- - Wednesday, May 25, 2011


Ugandan rebels continue central Africa attacks

DUNGU | A coalition of nearly 40 human rights groups this week called on the United States to step up efforts to fight against a brutal Ugandan-led rebel group that has intensified its attacks in central Africa, especially in Congo’s volatile northeast.

The groups, which include New York-based Human Rights Watch, said in a statement that the White House should appoint a special envoy for the African Great Lakes region.

That envoy, they said, should have a mandate that extends to areas where the Lord's Resistance Army is most active, “to support stronger United Nations peacekeeping and to intensify efforts to arrest” LRA leaders sought by the International Criminal Court.

Last May, the Obama administration signed into law an act that commits the United States to helping civilians threatened by the LRA.

The LRA, which originated in Uganda, is known for viciously attacking and torturing civilians and for abducting children and forcing them to fight for the rebels.

Since 2008, the LRA has killed nearly 2,400 civilians and abducted about 3,400 others.

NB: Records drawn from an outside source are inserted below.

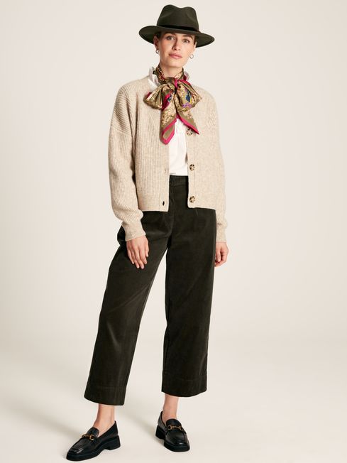 Crafted from a sumptuously soft wool blend, the Samantha cardigan is a layer you can rely on. Its relaxed, boxy fit makes is perfect for layering (we're thinking over a statement printed dress) and adding a comfortable feel to your everyday wardrobe. It has faux-horn buttons, ribbed hem and cuffs and dropped shoulders. The neutral colour ensures it will always remain a well-worn piece. Wool blend Ribbed knit Boxy, relaxed fit Long sleeves with dropped shoulders V-neck Faux horn buttons Ribbed hem and cuffs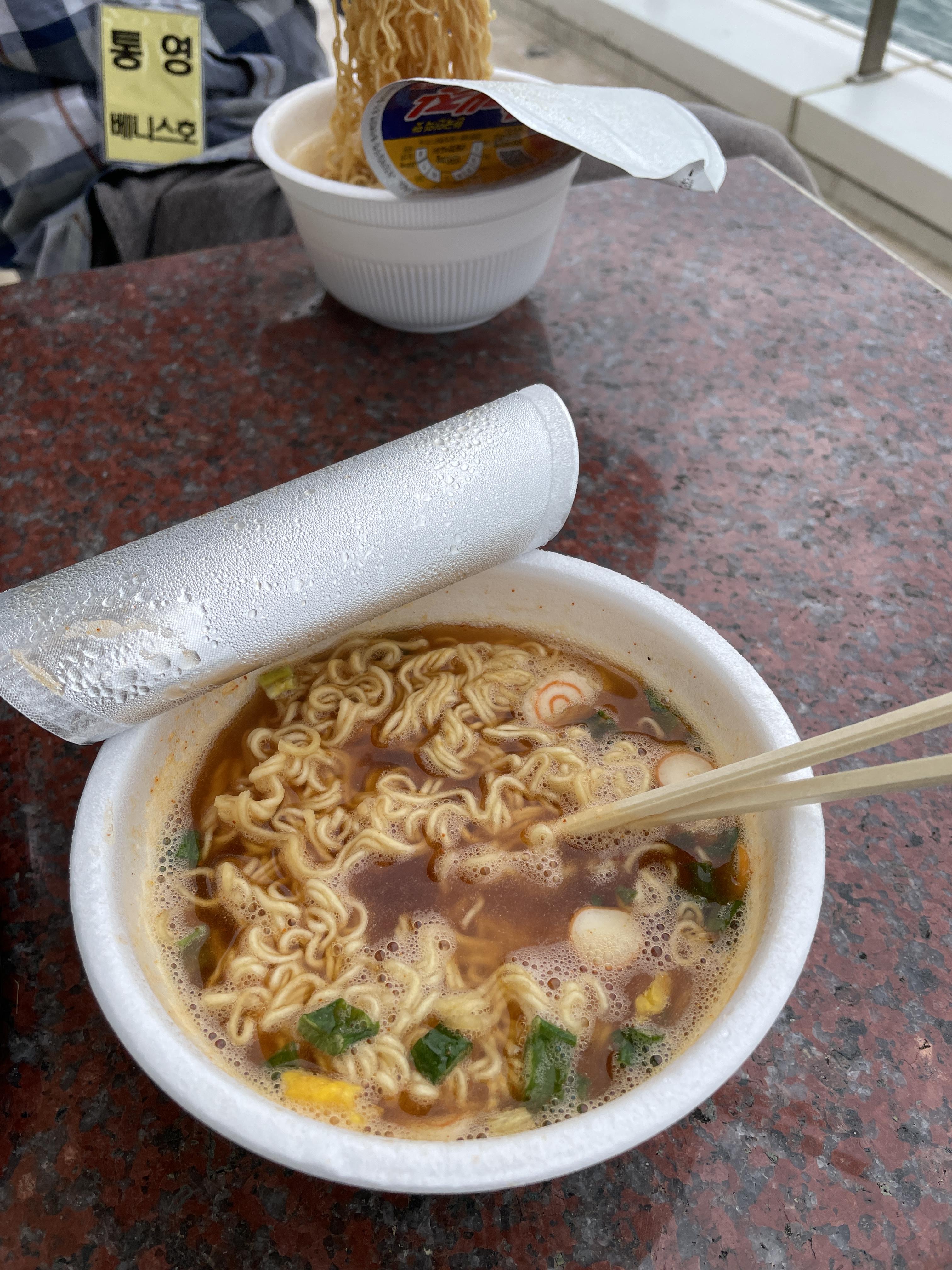 아무튼 육개장 컵라면을 들고 테라스석에서 먹었다(가격은 무려 3000원, 종업원이 물은 부어준다.)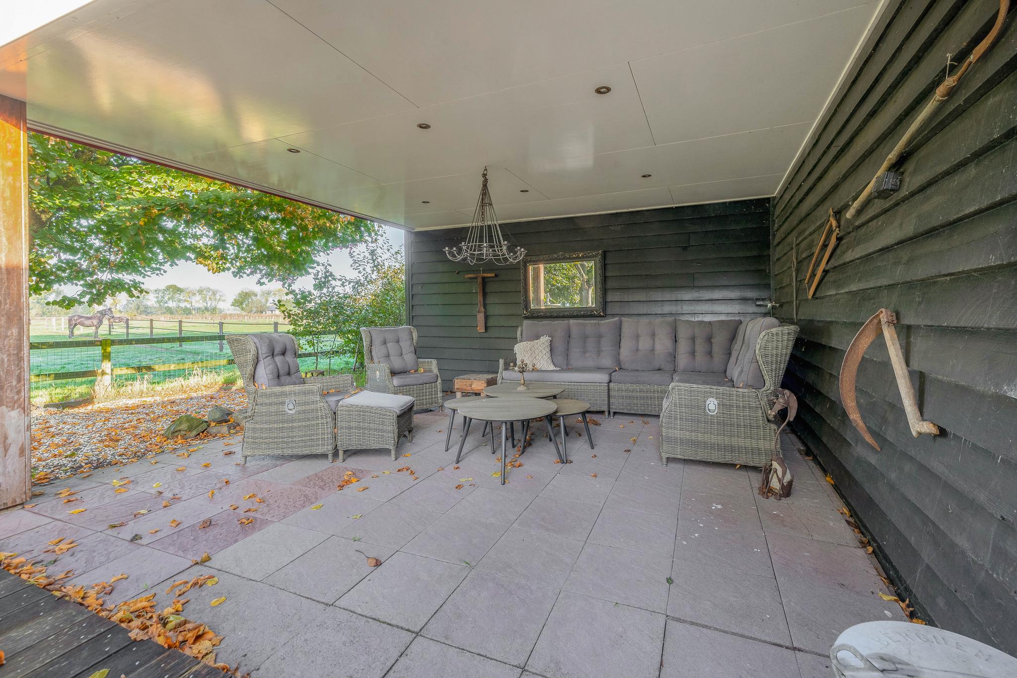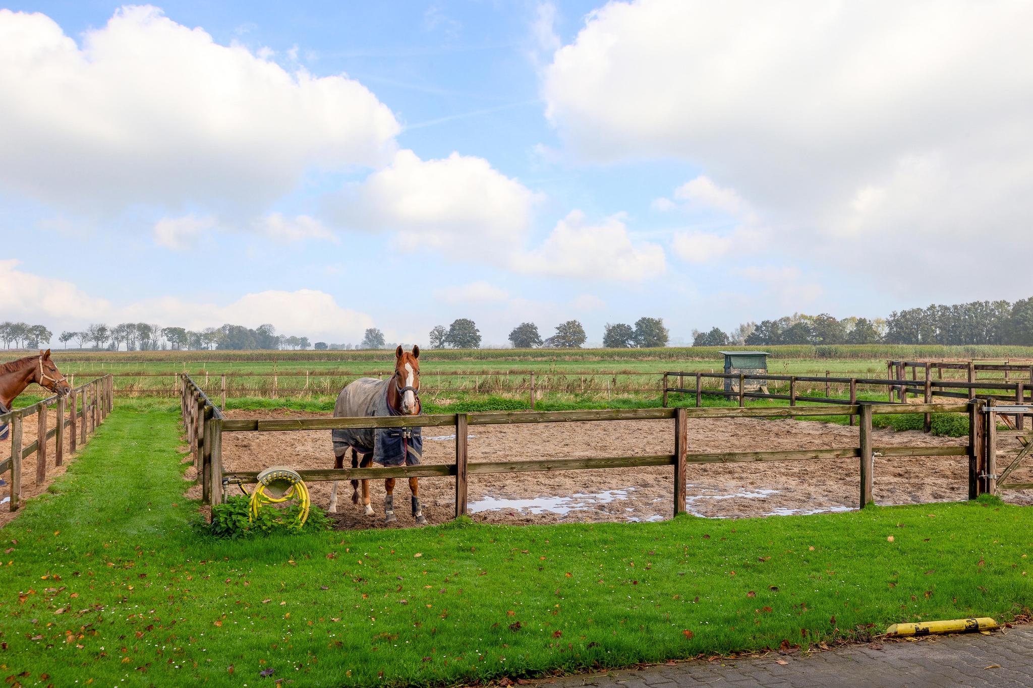 The yard is further equipped with an outdoor arena, covered horse walker, a lunging circle, several paddocks, a storage/field barn, shed, manure heap, pasture and a detached shed. There is ample parking space for stabling trailers and trucks, among other things. The yard can be closed with an electric opening gate. The storage/field shed with open front is constructed of partly masonry / partly sheet piling with wooden rafters and a sheet piling roof.

190 troops killed, missing in Abyei attack

JUBA | Seventy northern Sudanese troops were killed and more than 120 are missing from an attack last week by southern Sudanese forces near the disputed region of Abyei, a Sudanese diplomat said.

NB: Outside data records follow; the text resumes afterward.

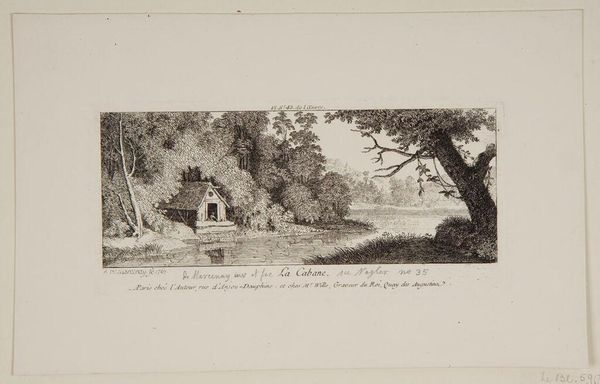 Editor: This is Louis Marvy's "The Death of Brother Schroepfer," and the date on the print says 1774. It’s quite a dramatic scene. What do you see in this piece? Curator: This image stages a suicide as a public event, doesn't it? Schroepfer, a figure associated with mysticism, becomes a spectacle. Consider how this performance, documented by Marvy, speaks to anxieties around Enlightenment rationality versus occult beliefs. Editor: So, it’s more than just a historical record? Curator: Exactly. It's about power, knowledge, and the policing of belief. Who gets to define "truth," and what are the consequences for those who deviate? What do you think about the landscape in this print? Editor: It's interesting how the trees seem to be both witnesses and almost complicit in the event. I never considered the sociopolitical implications of landscape art before. Curator: Seeing this through an intersectional lens illuminates the power dynamics at play and, hopefully, challenges us to question dominant narratives.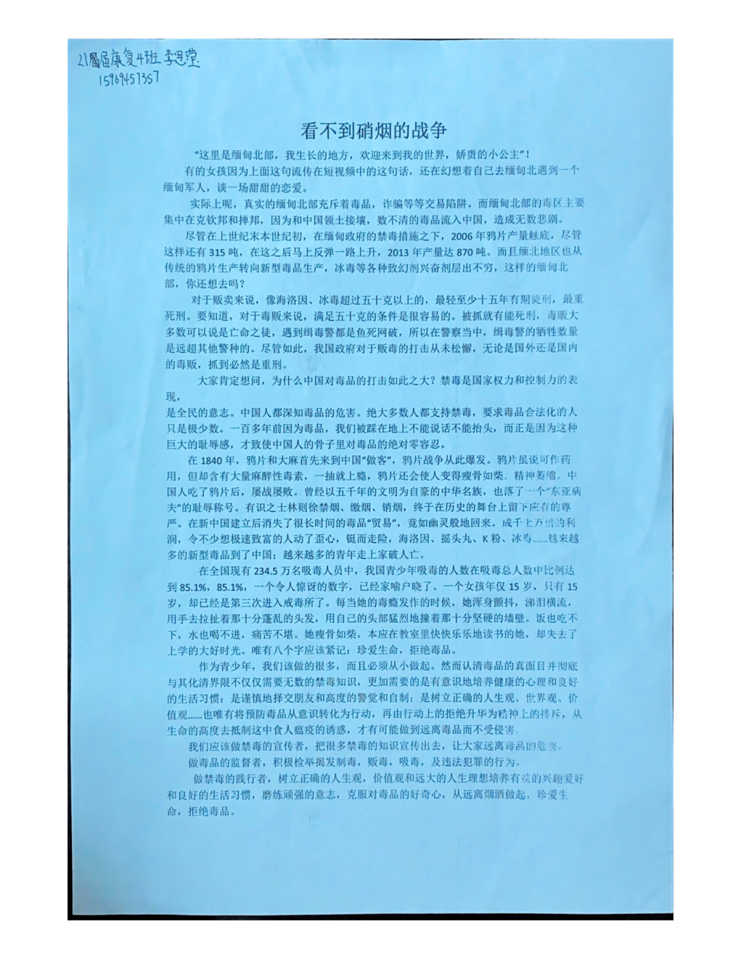 《以青之名义宣传毒品之重》李如意(20康复4班)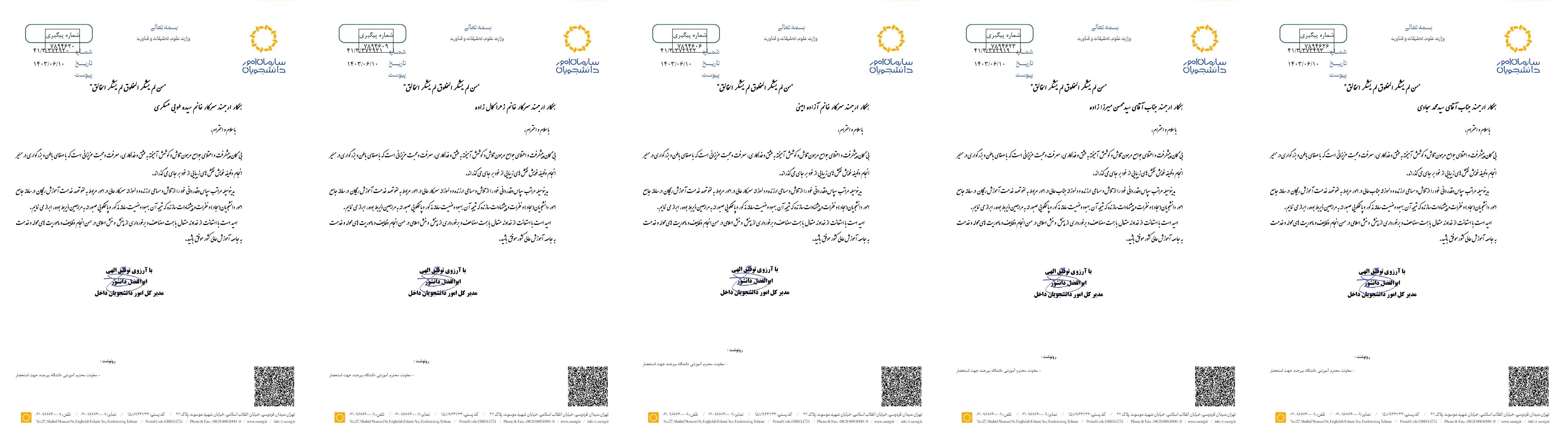 در این نامه‌ها، دکتر دانشور از تلاش‌های دلسوزانه و مساعی کارشناسان اداره دانش‌آموختگان دانشگاه بیرجند، آزاده امینی، سیدمحسن میرزاده، سیده طوبی عسکری، زهرا کمال زاده و سیدمحمد سجادی، در امور مربوط به لغو تعهد رایگان در سامانه جامع امور دانشجویان (سجاد) قدردانی کرد. وی با اشاره به نظرات و پیشنهادات سازنده این کارشناسان، اظهار داشت که نتیجه این تلاش‌ها به بهبود وضعیت سامانه سجاد در پاسخگویی به مراجعین منجر شده است. دکتر دانشور با تاکید بر اهمیت همکاری و تلاش‌های مستمر همکاران در ارتقاء کیفیت خدمات، از تمامی کارشناسان این حوزه تقدیر و تشکر نمود.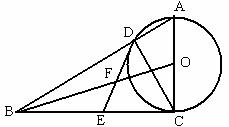 交AB于点D,点E是BC的中点,OB、DE交于点F。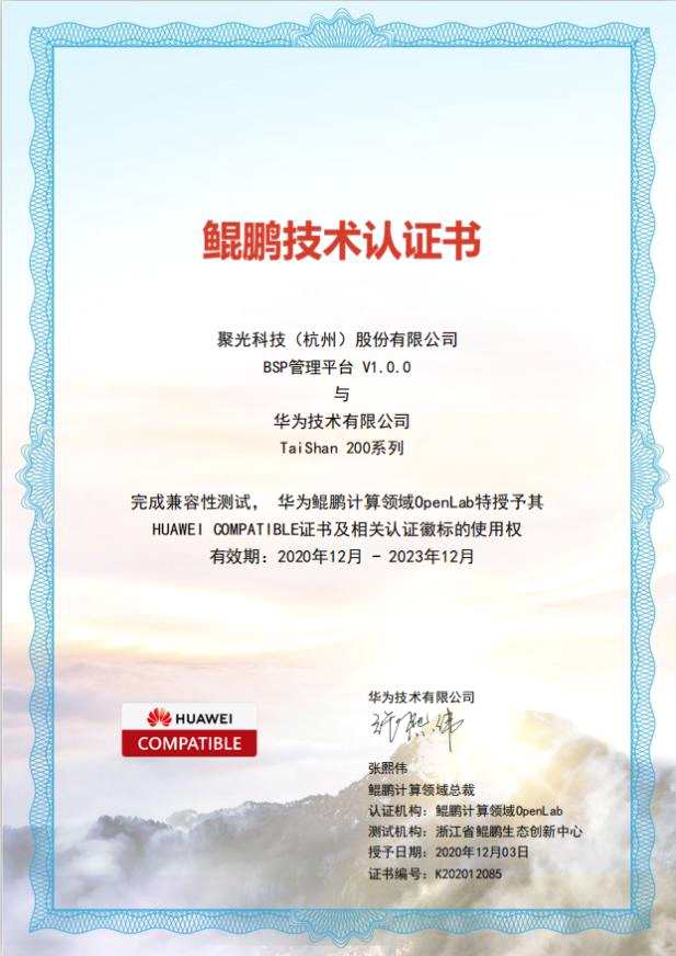 近日,【聚光科技(300203)、股吧】(300203)(杭州)股份有限公司(以下簡稱:聚光科技)BSP管理平臺等多款產(chǎn)品與華為鯤鵬服務(wù)順利完成兼容性測試認(rèn)證,這標(biāo)志著聚光科技自主創(chuàng)新的技術(shù)能力得到了認(rèn)可,在國產(chǎn)化設(shè)備的技術(shù)匹配能力邁出了一大步!

The death toll, if verified, would mark one of the bloodiest clashes since the end of Sudan’s civil war. A U.N. spokesman said he believed the casualty numbers were much smaller.

The south voted to secede from Sudan earlier this year, but the future of the 4,000-square-mile Abyei region near the north-south border was left in doubt.

The fighting that began last Thursday threatens to unravel a 2005 peace deal and reignite a civil war that left more than 2 million people dead.

According to the United Nations, southern troops started the clash last week by attacking a column of northern troops and U.N. peacekeepers who were moving away from Abyei.